I'm co-investigator on a clinical trial where the we are studying the effect of an intervention. The study is powered to detect a clinically meaningful change for some primary endpoint. My questions are around the planned secondary endpoints.
There are two secondary endpoints: 1) whether or not individuals randomized in the trial were prescribed medications (in this case statins) and 2) among those who were prescribed medications, whether or not individuals adhered to those medications. The first secondary endpoint is the main one and we have decided to use a regression model to estimate the intervention effect. The latter secondary endpoint hinges on the results of the first one. The PI wants to look at whether the intervention had an effect on statin adherence among those who were prescribed. Specifically, he wants to use a regression model to do this.

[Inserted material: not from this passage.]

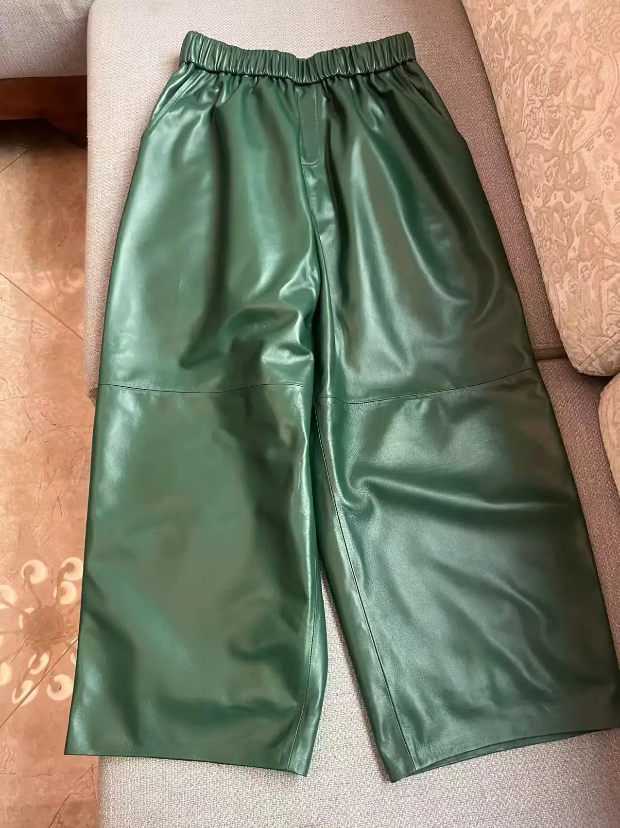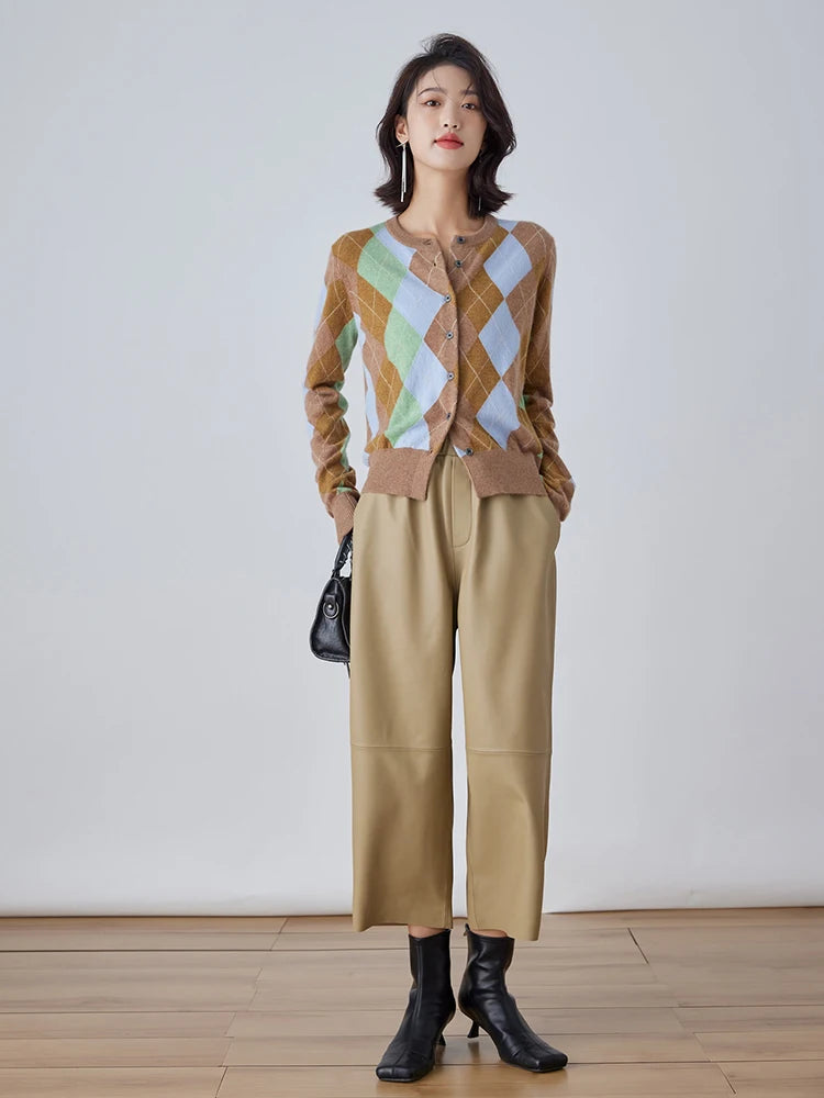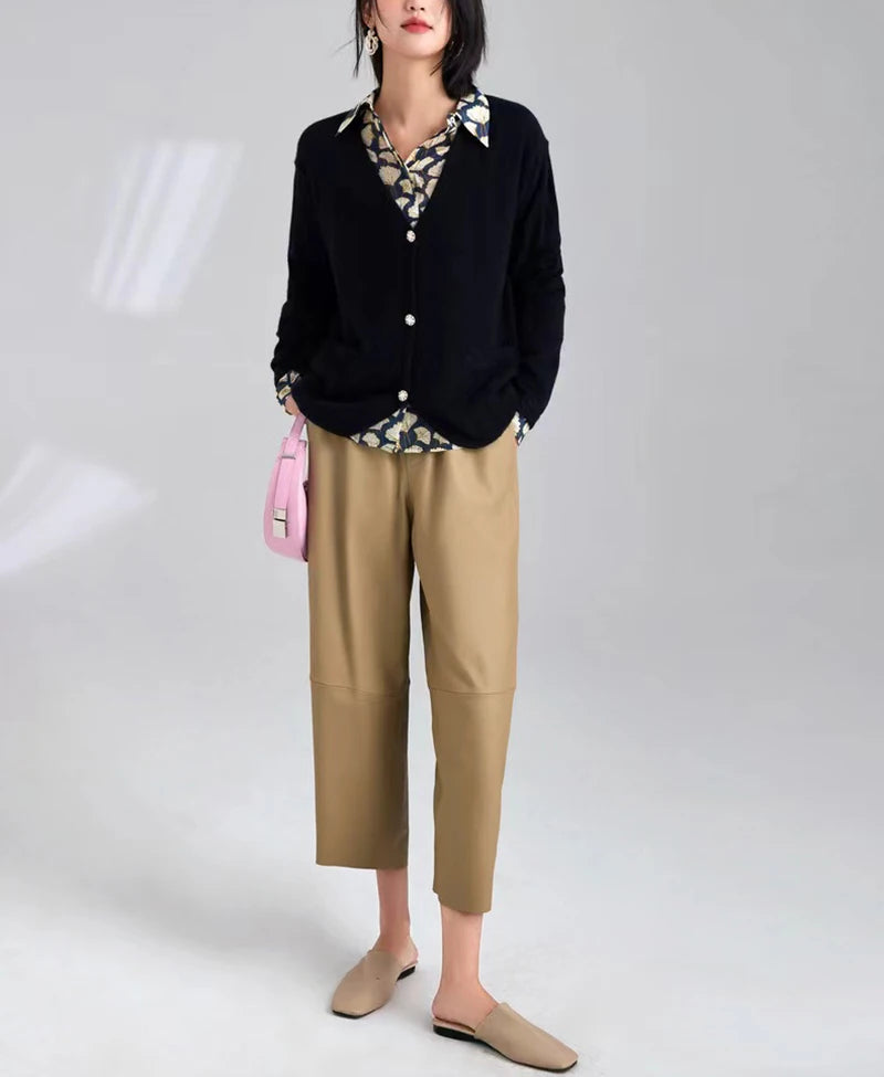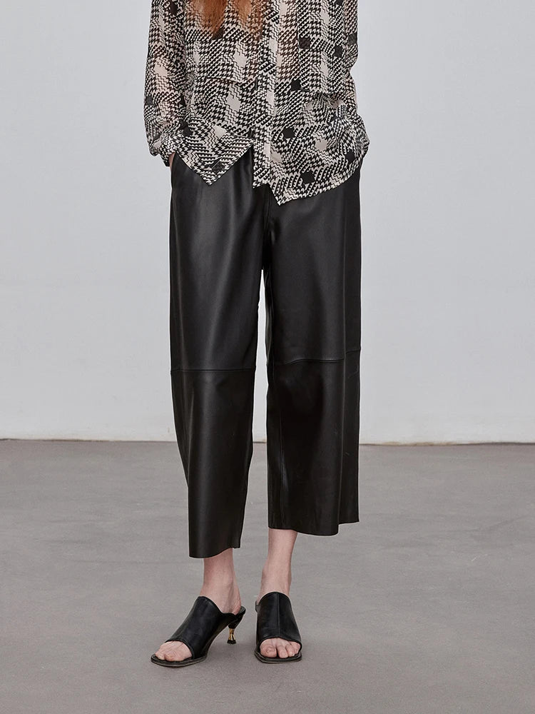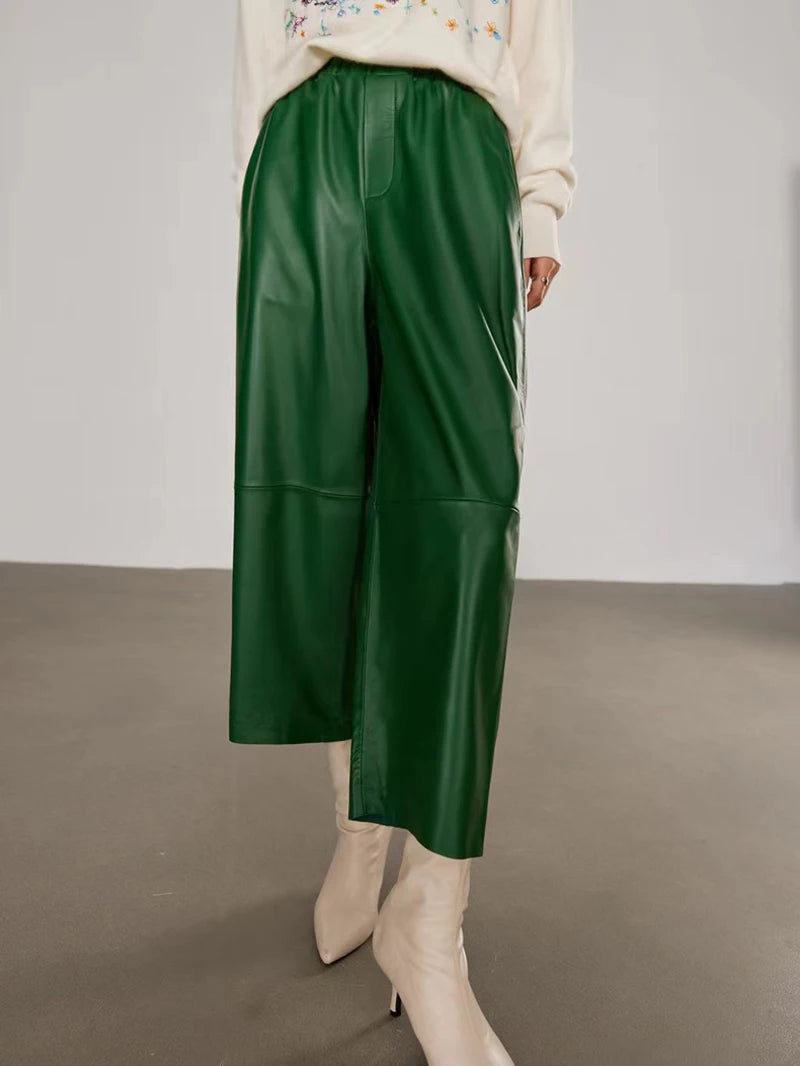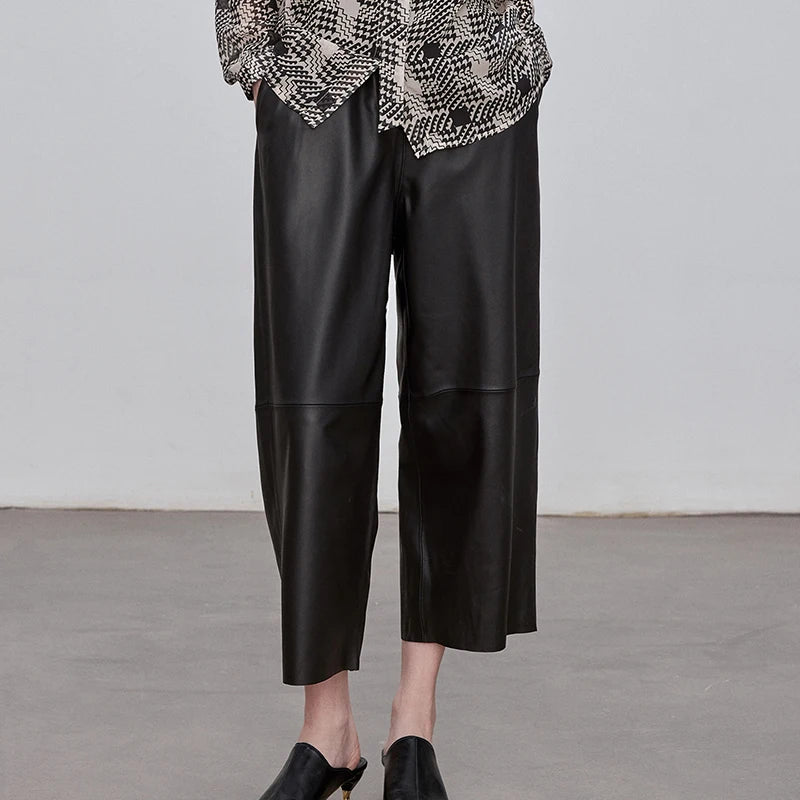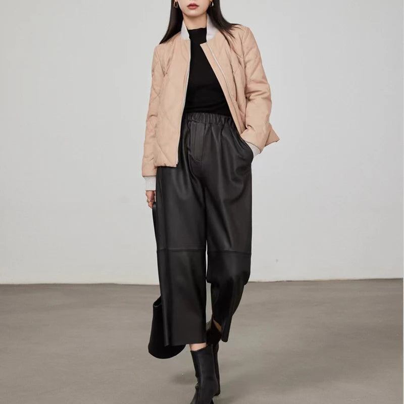 Women's Elastic Waist Sheepskin Wide Leg Harem Ankle Style Cropped Grandma Pants

My concerns are 1) by subsetting to this group, we no longer have the randomization with respect to the intervention, so that the "effect of intervention on adherence" is meaningless, and 2) in line with the first point, the underlying mechanisms may vary between the main secondary outcome and the adherence outcome. In other words, we may have many unmeasured factors. My suggestion was to keep the analysis descriptive: tabulate the binary adherence outcome by the binary intervention, and restricting the analysis to those who were prescribed medications. However, a reviewer (non-statistician) insists that we can still use regression.
Are there things that I can add in order to make a convincing case for keeping it descriptive?